What Diffusion LLMs Actually Do
Standard language models are autoregressive: they generate tokens one at a time, left to right. Token N depends on tokens 1 through N-1. The bottleneck is sequential — you cannot generate token 5 until you have tokens 1 through 4. More tokens = more time, linearly.
Diffusion models work differently. They were originally developed for image generation (Stable Diffusion, DALL-E 3), where the process starts with random noise and iteratively denoises it toward a coherent image. Each denoising step refines the entire image simultaneously.

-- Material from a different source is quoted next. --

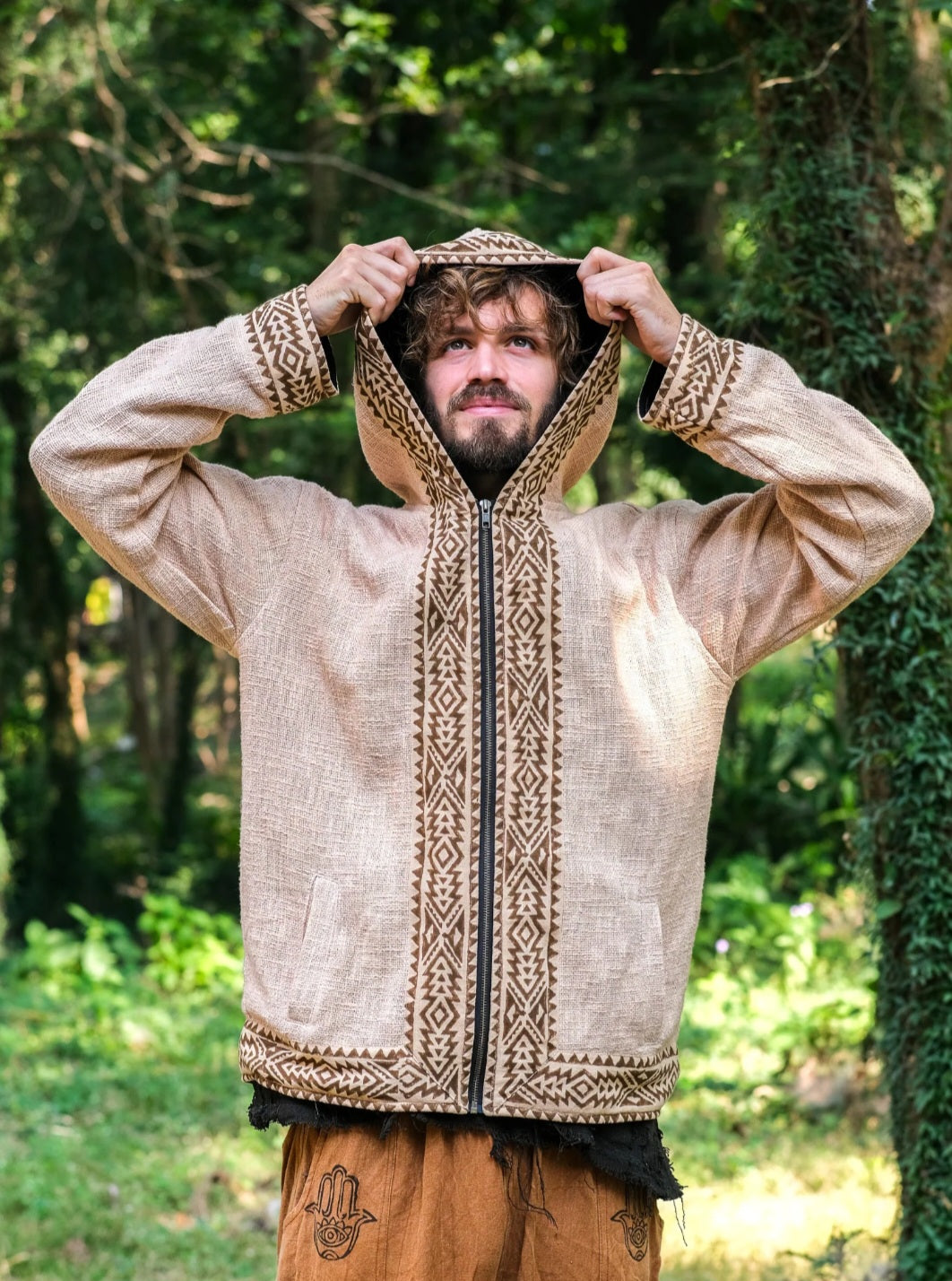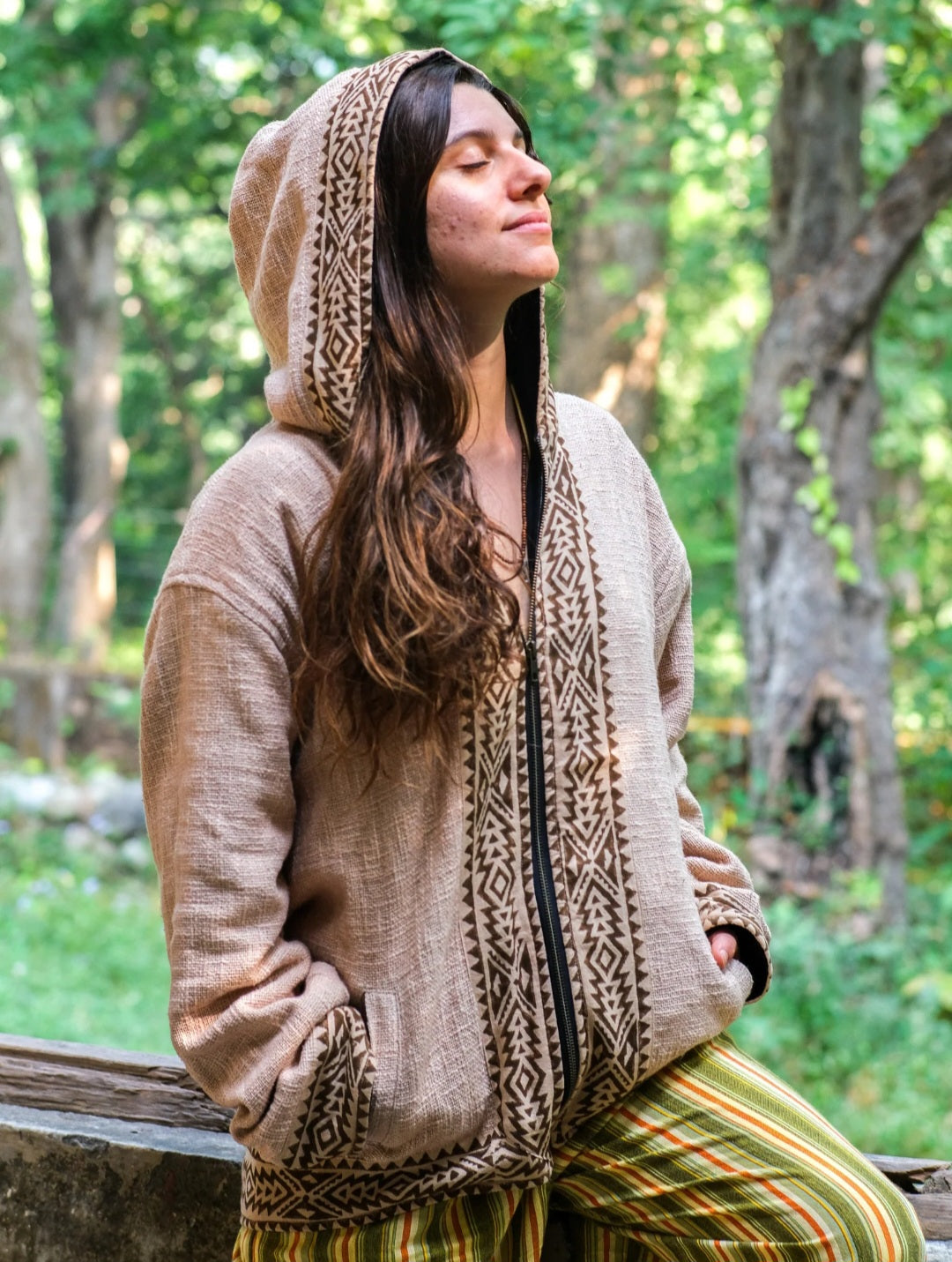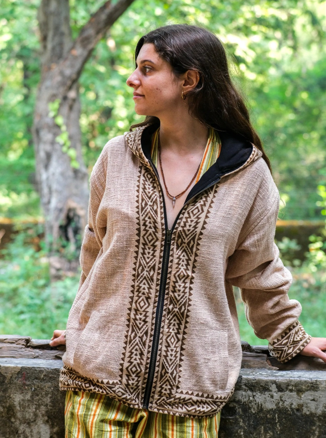 Bunda Tirth je vyrobená z vysoko kvalitnej tkanej bavlny a je perfektným doplnkom do každého šatníka. Vďaka elegantnému vzhľadu a jemným detailom s blokovou potlačou dodá autentický boho chic nádych vášmu out fitu. Doprajte si úžasný pocit pohodlia a štýlu prírodných materiálov s týmto originálnym kúskom. Unisex
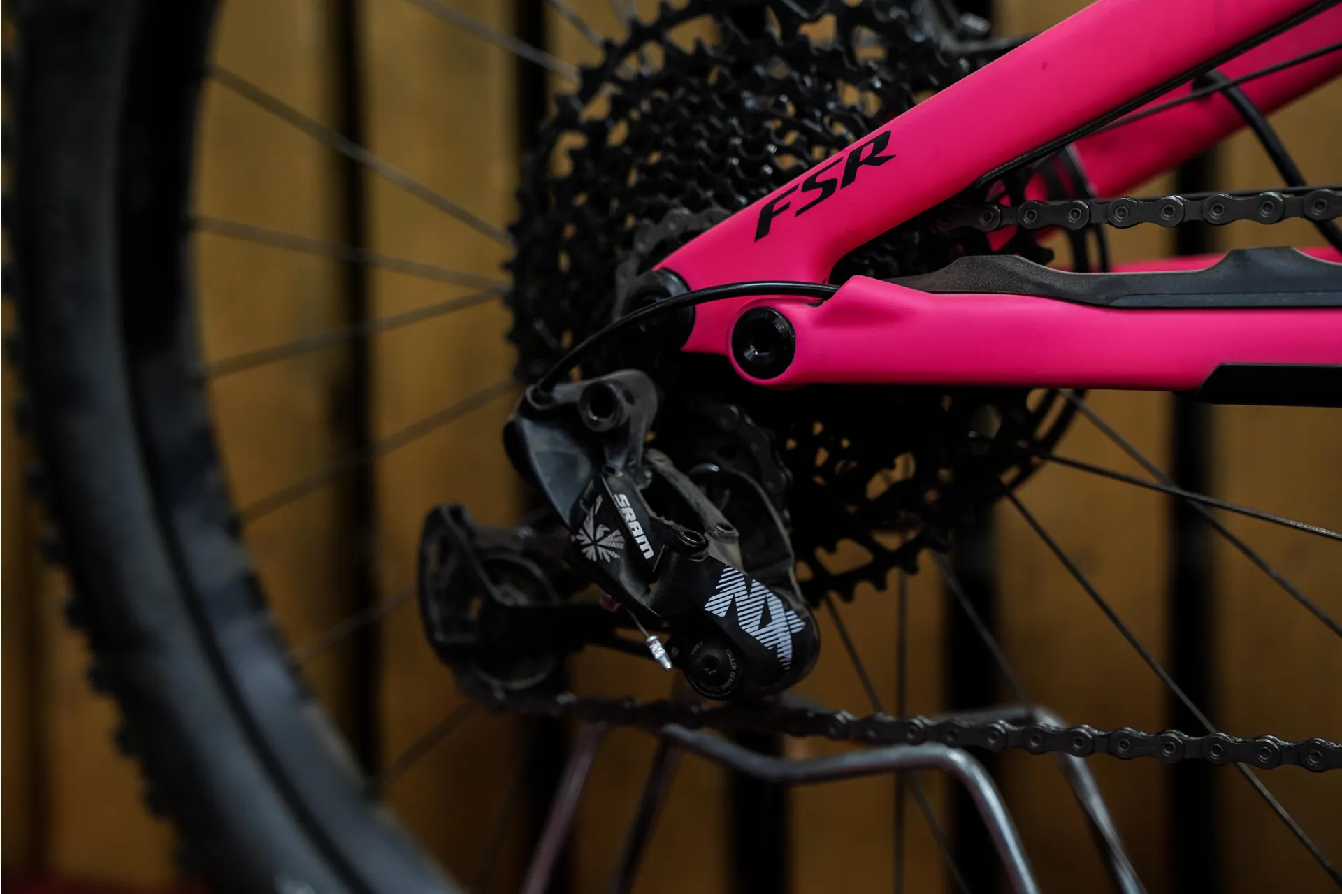 designing the frame with the stiffness targets being a main goal, Specialized developed a radical new sidearm design. The front-end and rear-end are connected at three points, and the sidearm helps keep all these points super stiff and connected, all while taking about 100 grams out of the rear-end. More explicitly, this minimizes frame flex when the rear suspension is active.

Mercury 2 applies this approach to text:
- Start with a noisy token sequence of the target length
- Run a refinement pass over all positions simultaneously
- Repeat for a small number of steps until the sequence converges
- Output the result
The key distinction: token positions are refined in parallel, not generated sequentially. The speed advantage is architectural. It's not approximating a slower process — it's a different process with a different scaling behavior.
Inception describes it as "less typewriter, more editor revising a full draft at once." The analogy is apt. An autoregressive model writes word by word. Mercury 2 starts with a draft and edits the whole thing simultaneously until it's coherent.
The Numbers
| Metric | Value |
|---|---|
| Generation speed | 1,009 tokens/sec (NVIDIA Blackwell) |
| Speed advantage vs autoregressive | >5x |
| Input pricing | $0.25/1M tokens |
| Output pricing | $0.75/1M tokens |
| Context window | 128K tokens |
| Tool use | Native |
| JSON output | Schema-aligned |
| Reasoning | Tunable |
The pricing is competitive with speed-tier models. At $0.75/1M output tokens, Mercury 2 costs the same as many quantized fast models while generating 5x faster.
Why Speed Compounding Changes the Calculus
A single LLM call at 1009 tok/sec vs 200 tok/sec: you notice the difference, but it's not transformative.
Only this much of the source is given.